The beauty of the Web!

Issues which need to be resolved to keep the web a beautiful place

- lots of info

- getting the right info to the right people

- easily accessible

- millions of people use the web (surfing, posting, developing, etc)

- all in one place

- the internet is huge and what we get is a pinhole

view to see all that's out there

info overload, remembering urls, etc…

*is spatial information important?

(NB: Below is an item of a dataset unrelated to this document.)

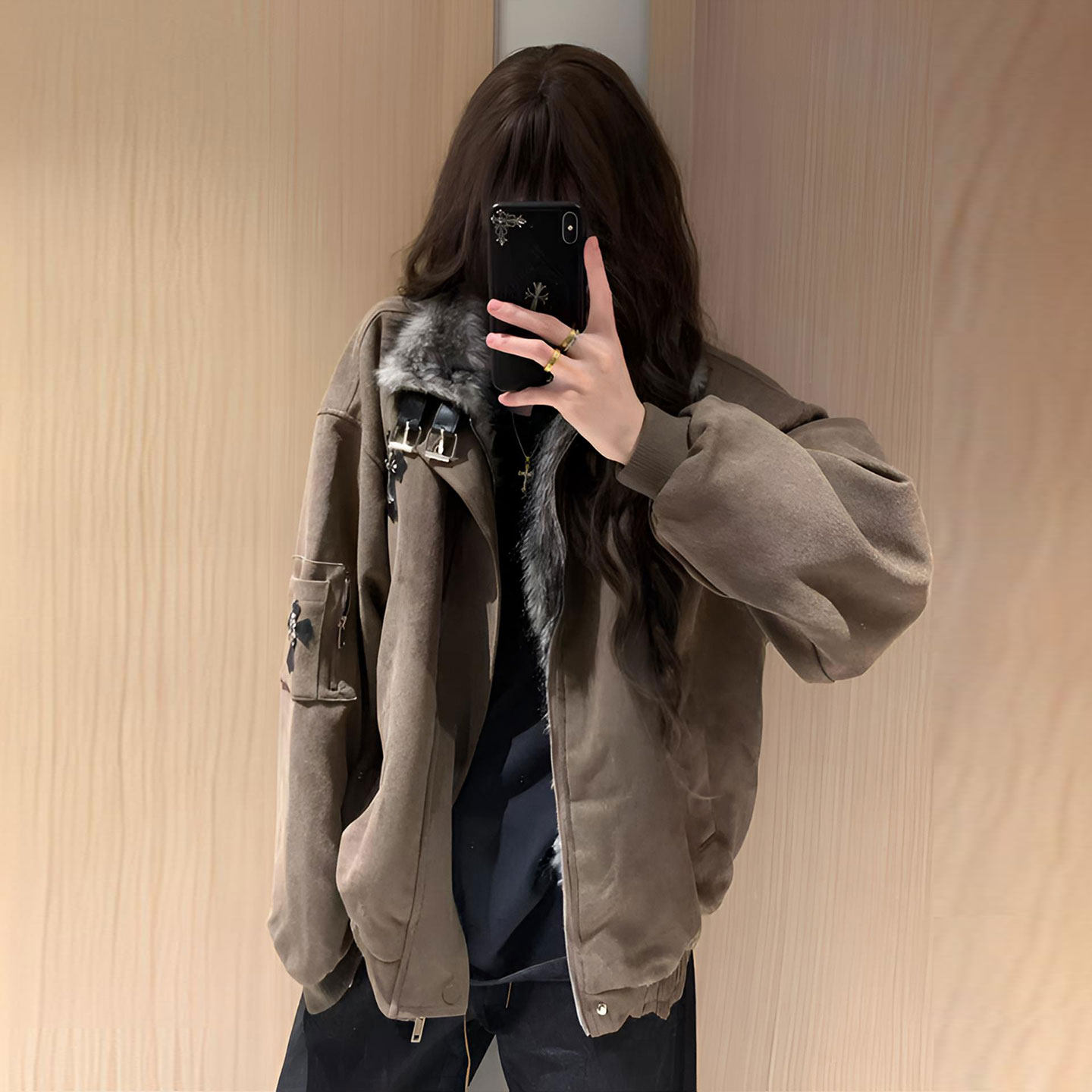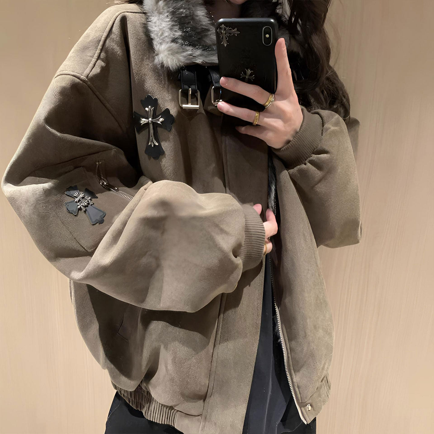 大码女装胖mm独特漂亮小棉袄女冬季复古高街显瘦座山雕保暖厚外套

Do we want to move around in the internet space?

Internet searching is a skill!!!!!!!!
*side note: there was a job notice sent out recently and one of the eligibility requirements was: experience with computers and ability to perform internet searches
*getting the right info at the right time is a powerful skill

Relevance + Reliability of a Document (not just the search engine): It would be ideal to structure the results of a search so that the confidence in the answer can be explicit (ex: student believes teacher for a particular subject more than other students or peer reviewed articles are typically more highly regarded than web publications).

Enter: The Search Engine

There are search engines which categorize (trained professionals to categorize new items):

Yahoo!, LookSmart, Dewey, MeSH, CyberPatrol

These are costly, time-consuming and cannot be done in real-time. Therefore, the search engines are limited in the number of web pages they will search.

The SVM search engine consists of 2 main components:

1. a text classifier that categorizes web pages on the fly

2. a user interface that presents the web pages within the category structure and allows the user to manipulate the structured view.

**If used for an entire web search, how does the search engine get the web pages so it can search them? Is there a database of urls which need to constantly updated? Does it use links on the document page to find new urls? Is there a database of past search terms and their corresponding search results (which would need to be updated b/c the web is dynamic) or are the searches done ‘on the fly’ (how can this be real time?) ?

Support Vector Machine (SVM) for text classification:

- A linear SVM is a hyperplane that separates a set of positive examples (words or pages that are part of the category) form a set of negative examples (words or pages that are not part of the category) with maximum margin. The input feature vectors consist of k words with highest mutual information with each category. For example, the SVM representation for the category "interest" includes the words prime (.70), rate (.67), interest (.63), rates (.60), and discount (.46) with large positive weights and the words group (-.24), year (-.25), sees (.33), world (-.35) and dlrs (0-.71) with large negative weights.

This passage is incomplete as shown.